In a typical setting, the patient is connected to a cardiopulmonary bypass circuit through peripheral vessels. For venous drainage, internal jugular and femoral veins are used, and for arterial access the femoral artery is typically cannulated. The aorta is then clamped with the use of either a cross-clamp or an endoballoon, which acts as an occlusion device. Cardioplegic solution is then instilled into the coronary arteries and the heart is arrested in a similar manner to conventional procedures.
The mitral valve is accessed from a right lateral mini (4-6 cm) thoracotomy or even a right peri-alveolar incision. Visualisation and exposure of the mitral valve is optimised with the use of endoscopes, which can provide two-dimensional (2D) or three-dimensional (3D) images. With the use of thoracoscopic instrumentation, the mitral valve is assessed and repaired with contemporary techniques, which include ring implantation, artificial chordal replacement, leaflet resection, etc. From the same minimal access, the mitral valve can be replaced with a mechanical or a biological prosthesis.
Many concomitant procedures can also be performed using the above set-up, including tricuspid valve surgery, atrial septal defect closure, relief of hypertrophic obstructive cardiomyopathy, excision of masses such as myxomas, atrial fibrillation surgery and closure of the left atrial appendage [2].
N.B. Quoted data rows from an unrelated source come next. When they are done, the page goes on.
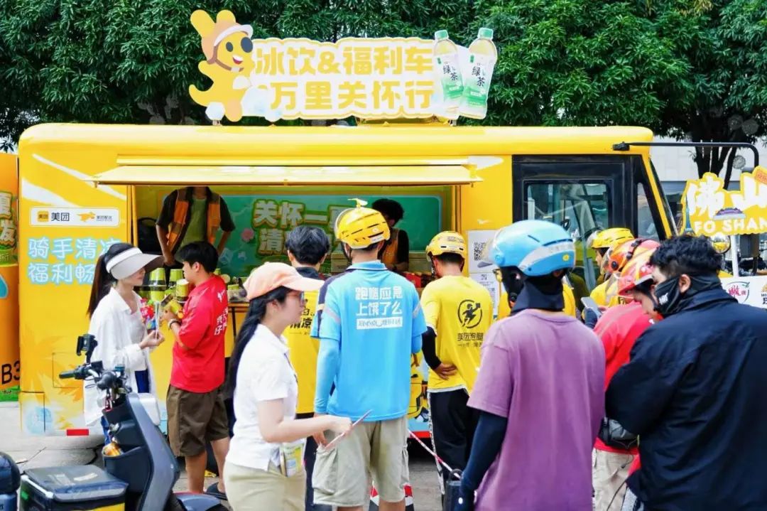 为关怀高温下坚守岗位的新就业群体,近日,“美团2025冰饮福利车佛山站”活动在禅城区铂顿城广场顺利举行。本次活动由市、区两级社会工作部与市场监管部门联合统筹,为骑手、环卫工人、快递员等户外工作者送上夏日“清凉礼包”,传递城市关爱。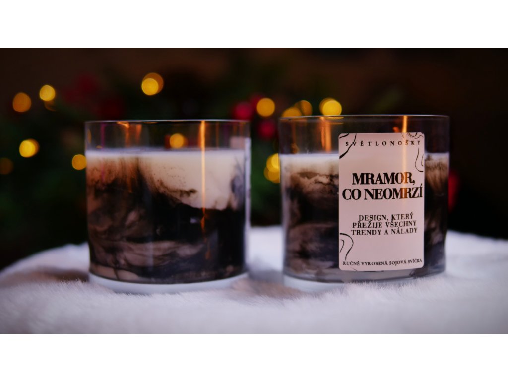 Každá svíčka je ručně vyrobená ze 100 % sojového vosku, každý mramorový vzor je originál.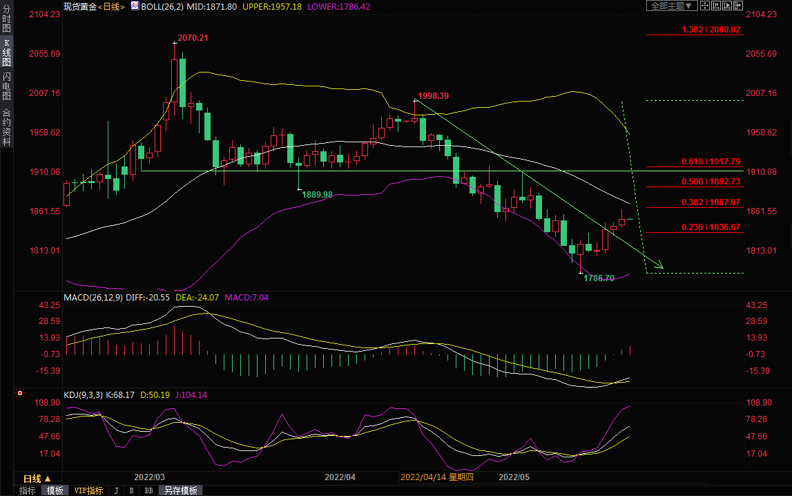 现货黄金上涨0.4%,至每盎司1,853.70美元,盘中稍早一度上涨逾1%,触及1865.29美元的5月9日以来最高。美国黄金期货结算价上涨0.3%,报1,847.8美元。

From the description above, one can understand why the phrase “minimal access mitral surgery” is better suited to these techniques, as opposed to the term “minimally invasive mitral surgery”. Despite the fact that access is minimal, the procedure to the heart itself has a similar degree of “invasiveness” to conventional mitral surgery performed through a median sternotomy.
Robotic mitral surgery
Robotic systems mainly consist of a console and a robotic cart. Through small incisions, robotic instruments and endoscopes are introduced to the chest cavity and the operation is performed with the operating surgeon unscrubbed, controlling the robotic instruments from a distance. The main advantages of robotic implementation include superior 3D visualisation, elimination of tremor, seven angles of freedom for the instruments (compared to four in endoscopic access). However, it involves a loss of tactile feedback for the surgeon and higher cost when compared to endoscopic or traditional access mitral surgery [3].
Establishment of cardiopulmonary bypass and cardiac arrest are similar between endoscopic and robotic mitral surgery, with similar incisions and identical possibilities for concomitant procedures. Therefore, robotic mitral surgery can also be classified as “minimal access”.
The robotic system that has been used most in cardiac surgery worldwide is the da Vinci® family from Intuitive Surgical (Sunnyvale, CA, USA). First applications for mitral operations started in 1998 and since then there has been a gradual adaptation in many centres in Europe and the USA. Currently, over 100 robot-assisted mitral procedures per year are taking place in Europe and over 1,700 in the USA. The main limitation of further expansion is the increased cost and steeper learning curve of robotic training compared to endoscopic [4].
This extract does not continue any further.